I didnt want to use a mere redirect, maily because it uses a 302/303 HTTP code that means a normal redirect not followed by search engines. And I obviously wanted to make it automatical, not needing to manually create the aspx file for each page. When I first went into URL Rewriting in .NET I though I was really OK. Using ASP I already had a Wintel machine, I can program in ASP.NET, in my imaginery whis had to be as simple as 1 + 1. Of that stuff is Hell made.

How to crash a Wonderful Idea

I started simple (thay all do). The beautiful thing is that if I correctly implement the trick I didnt need the MyFakePage.aspx to REALLY exist on server; I only needed to implement the Application_BeginRequest method on Global.asax. Application_BeginRequest is fired BEFORE the actual page, so I can SIMULATE the page exist and doing my redirect job fast and neat. So Id have something like this:

protected void Application_BeginRequest(Object sender, EventArgs e) { string myBaseUrl = "/vox/"; string strCustomPath; string mypath = Request.ServerVariables["PATH_INFO"]; string filename;

filename = mypath.Substring(mypath.LastIndexOf("/")); string destinationUrl = "/myCMS/template.aspx?page=" + filename.Replace("aspx", ""); Server.Transfert(destinationUrl); }

Ok. Thats all folks. It is all well and done, Its Ok… ACHK!!! It is not.

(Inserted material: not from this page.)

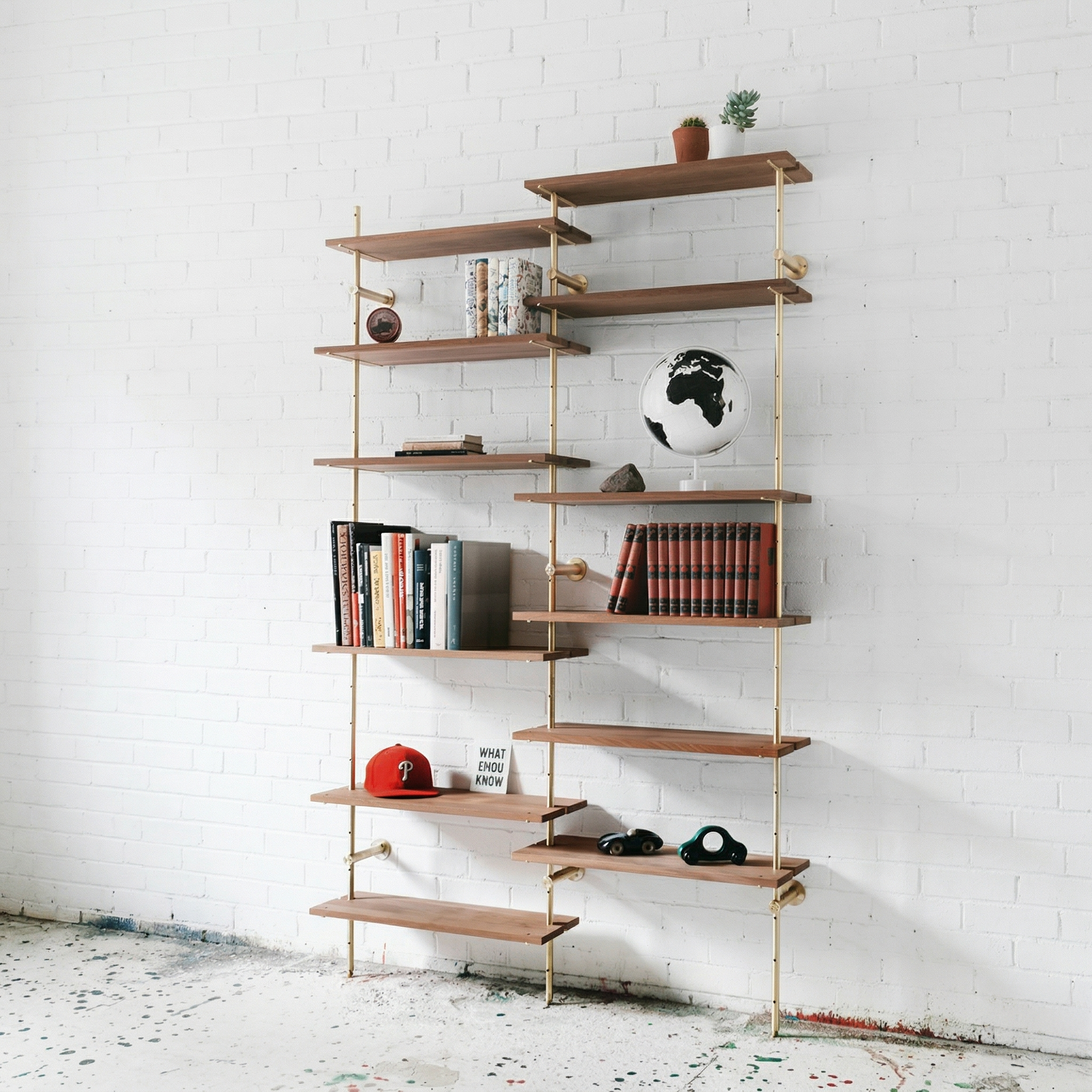 The Brass Rail Shelving by Object/Interface is a fully adjustable, partial wall-mounted shelving unit handmade with high-quality materials. The 27" wide solid sapele shelves hold up to 100 lbs (45 kg) each — suited for heavy art books or decorative display.

It seems that HttpHandler in machine.Config gets hangry if you try to execute an ASP this way. You cannot. Thats all. Well, I can modify Machine.Config here, but what about my HOSTED site? This could be the end of a dream. To make the things even worst, the same problem afflict RewriteUrl method. I had to quickly devise a new method for being maybe LESS neat but functioning.

Fetching what I need

Well, all in all an ASP page is something that is sent via HTTP. All I have to do is to fetch it a Web Browser will do and have it spitted back to the client. I was starting to hope again… First of all lets get that damn page and store it into a string:

private string getPage(string URL) { string res =""; try { WebRequest wrGETURL; wrGETURL = WebRequest.Create(URL); Stream objStream; objStream = wrGETURL.GetResponse().GetResponseStream(); StreamReader objReader = new StreamReader(objStream); res = objReader.ReadToEnd().ToString(); } catch () {} return res; }

And now we can kindly use it over and over and over…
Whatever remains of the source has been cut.